__WORK REQUIRED__
Transcribe only the lines in the data below falling between the line with "第65回韓国歯周病学会で講演" and the line with "На Брянск была", including those two lines, and leave out any picture.

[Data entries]
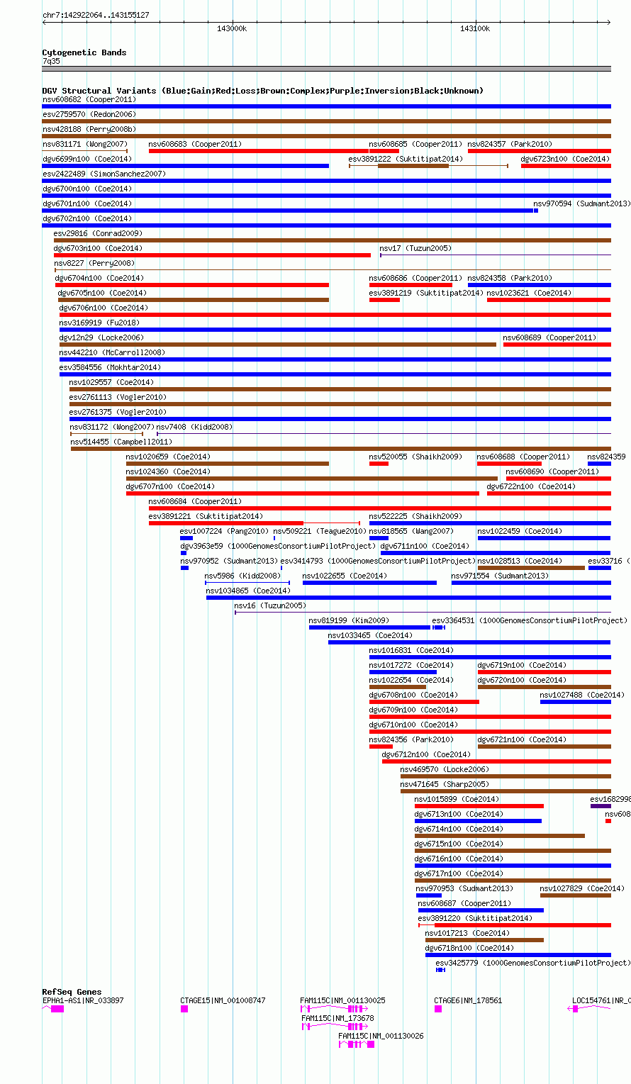 | | Variant Type | CNV gain | | Copy Number | | | Allele State | | | Allele Origin | | | Probe Count | | | Validation Flag | | | Merged Status | M | | Merged Variants | dgv6702n100 | | Supporting Variants | nssv3669694, nssv3669693 | | Samples | | | Known Genes | CTAGE15, CTAGE6, EPHA1-AS1, FAM115C, LOC154761 | | Method | SNP array | | Analysis | Affymetrix SNP array copy number analysis | | Platform | Affymetrix SNP Array 6.0 | | Comments | | | Reference | Coe_et_al_2014 | | Pubmed ID | 25217958 | | Accession Number(s) | nsv1022857
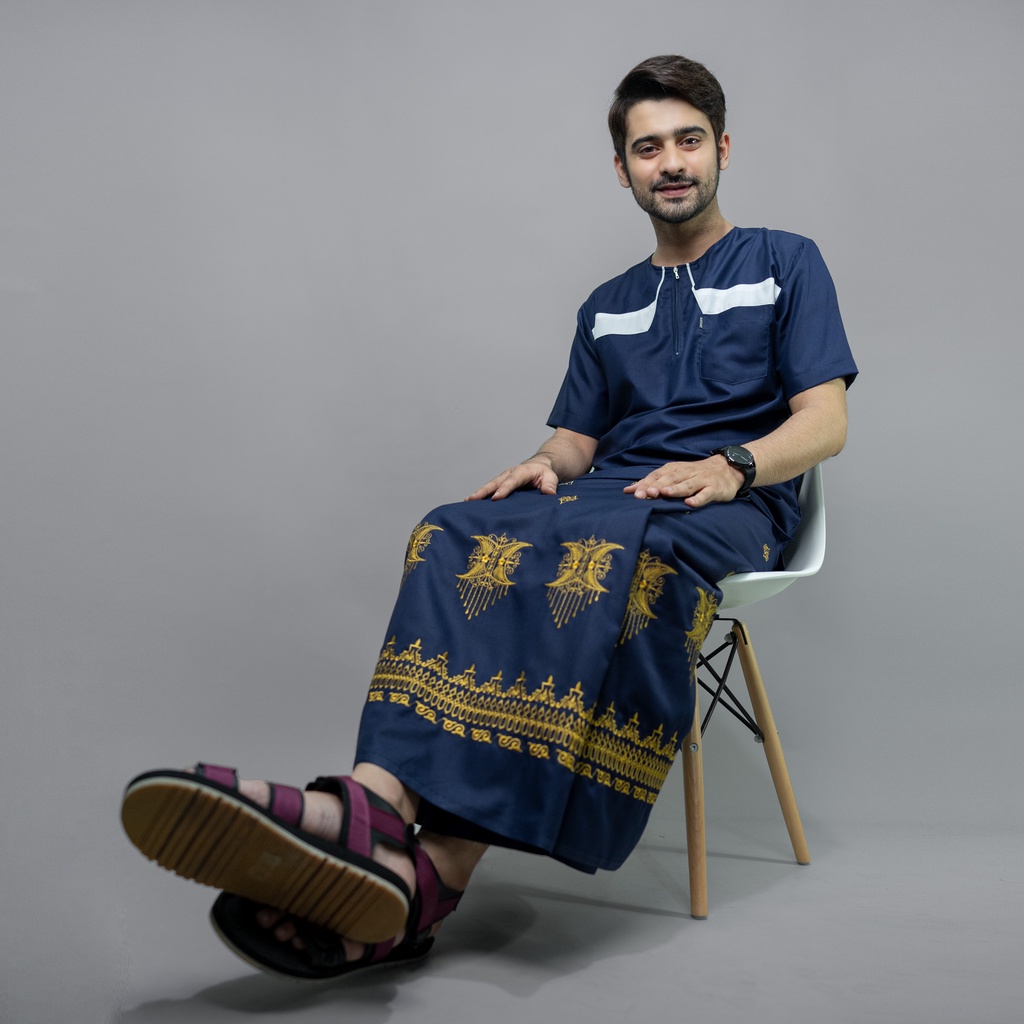 Katsae - Sarung Bordir Pintu Aceh Motif Timbul Keren Sarung Pria Dewasa Sarung Sholat 100% Bordir warna Navy
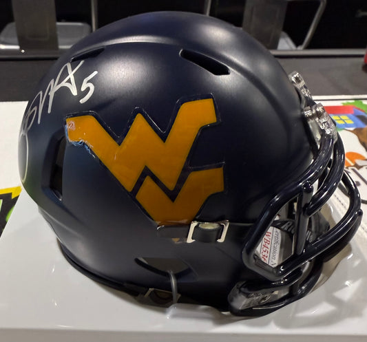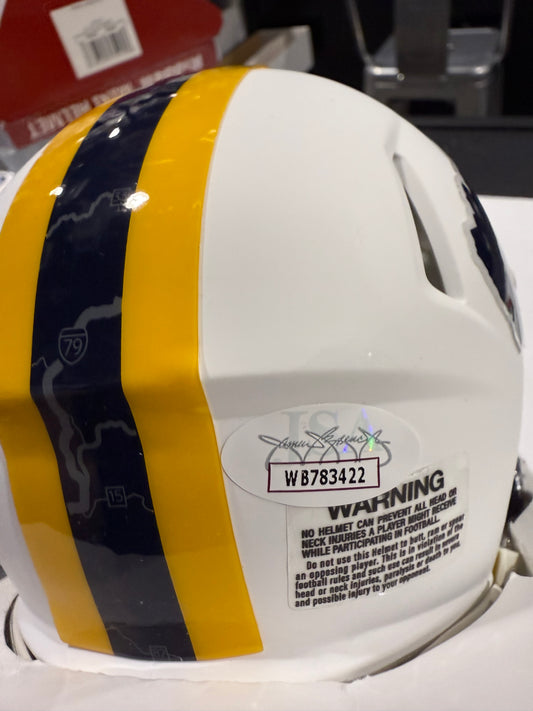 Pat White West Virginia Mountaineers Signed WVU Mini Helmet JSA Blue
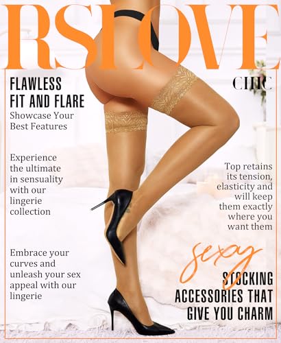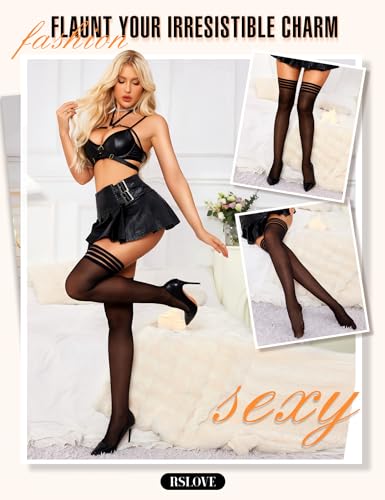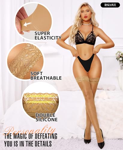 RSLOVE Women's Thigh High Stockings - Silicone Lace Top Semi Sheer Stay Up Pantyhose Sexy Lingerie
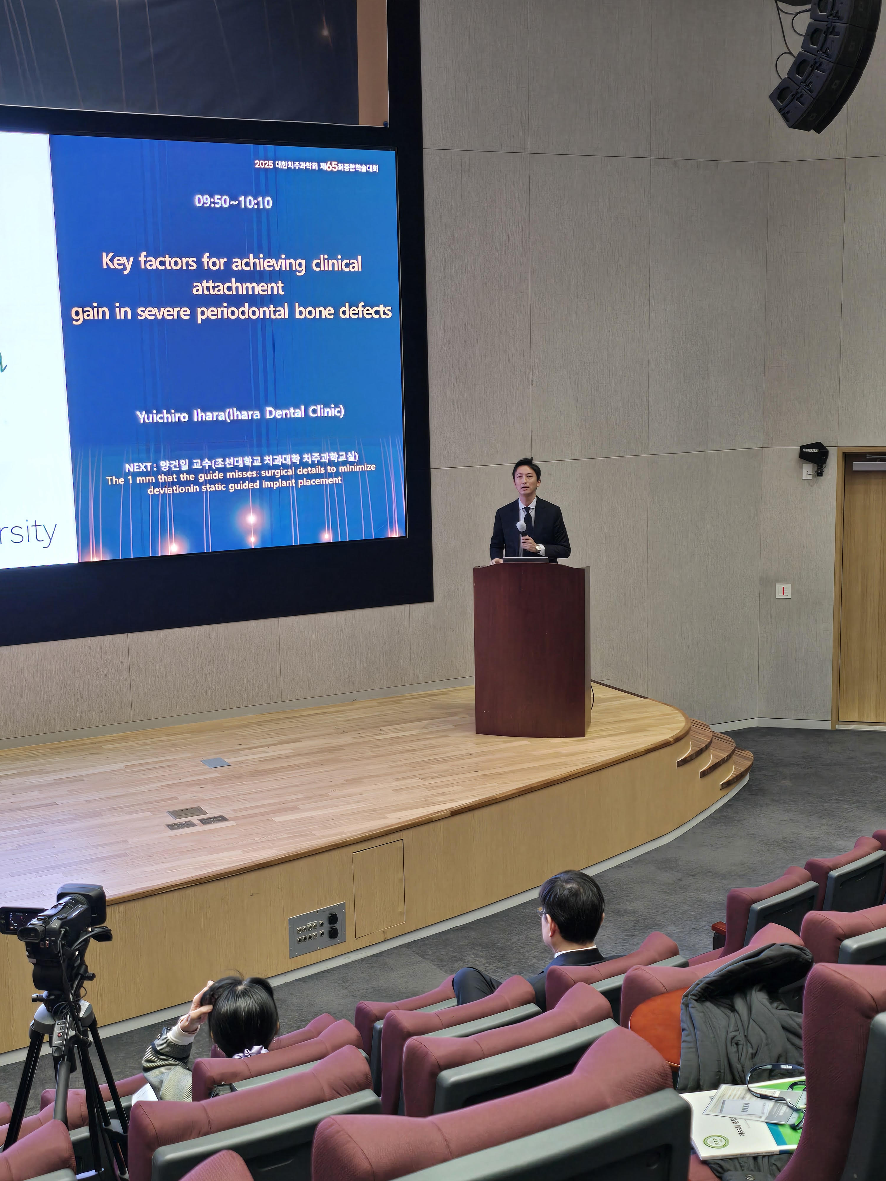 第65回韓国歯周病学会で講演させていただく機会をいただきした。テーマは根尖付近にまでおよぶ重度の骨吸収を伴う歯に対する歯周組織再生療法についてお話ししました。
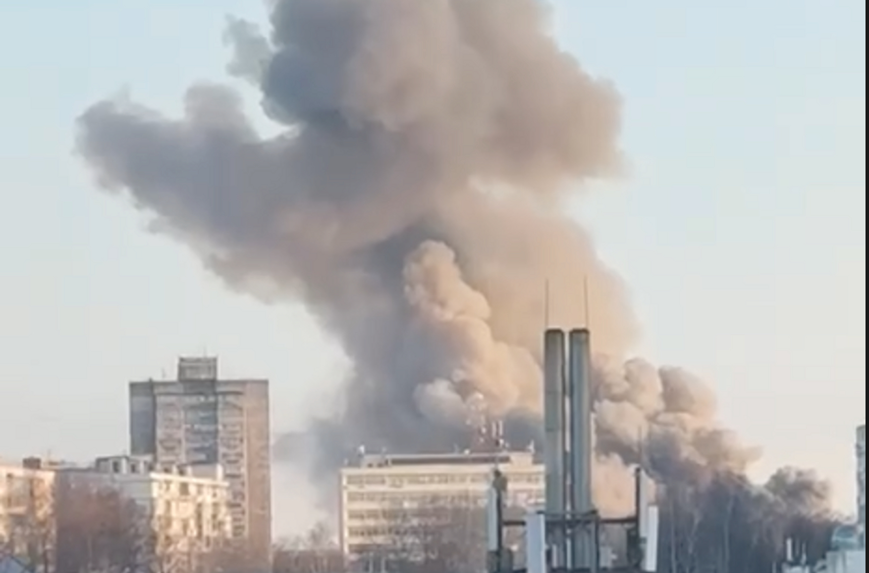 На Брянск была совершена ракетная атака, Mash сообщает, что один из ударов пришелся на завод по производству микросхем для мобильных устройств в момент пересменки, когда сотрудники собирались расходиться по домам. После атаки над городом поднялся густой дым.
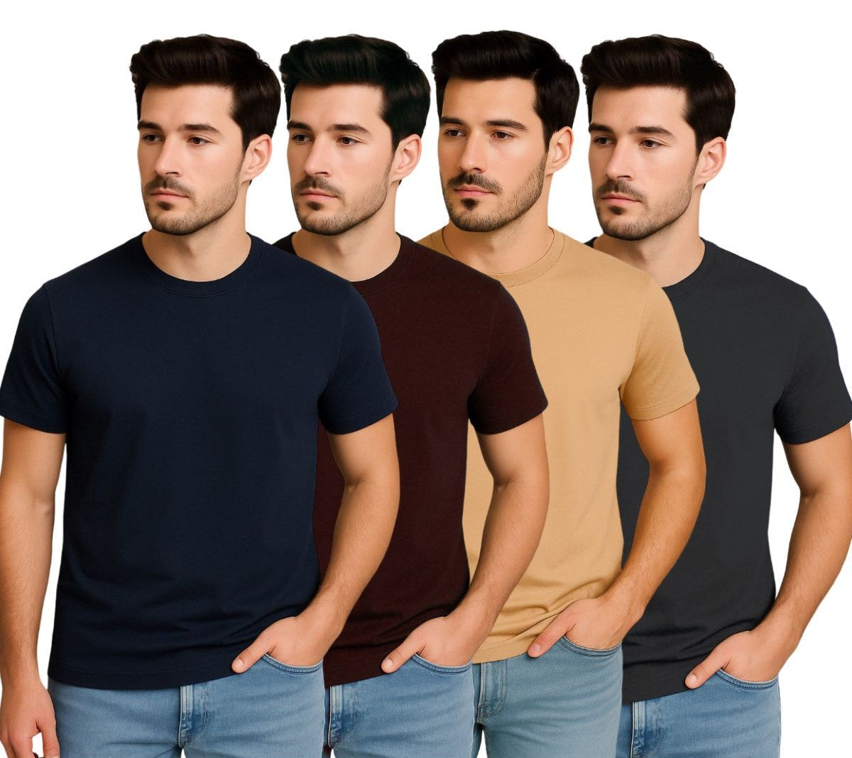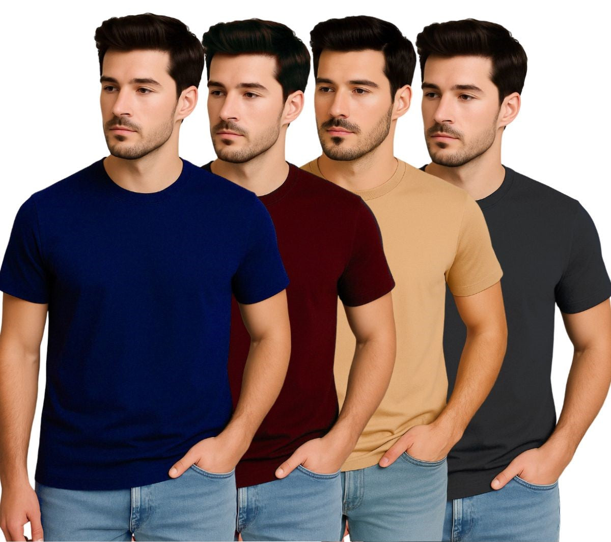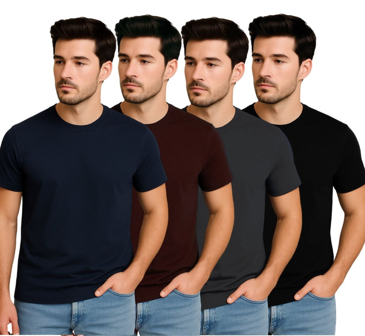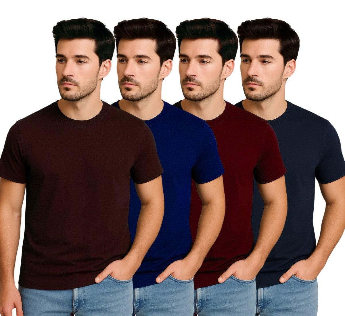 This is a ZEBU Men's Solid Round Neck T-shirt (pack of 4).  Polyester has High Quality and excellent durability and moisture-wicking properties. In this, we have used Polyester fabric is resistant to shrinking, stretching, and wrinkling, making it ideal for everyday wear and active use. This has a wide range of colors manufactured from the most experienced hands with a lot of care. This is suitable for all kinds of formal as well as casual occasions.

__SOLUTION TO THE PROBLEM__
 第65回韓国歯周病学会で講演させていただく機会をいただきした。テーマは根尖付近にまでおよぶ重度の骨吸収を伴う歯に対する歯周組織再生療法についてお話ししました。
 На Брянск была совершена ракетная атака, Mash сообщает, что один из ударов пришелся на завод по производству микросхем для мобильных устройств в момент пересменки, когда сотрудники собирались расходиться по домам. После атаки над городом поднялся густой дым.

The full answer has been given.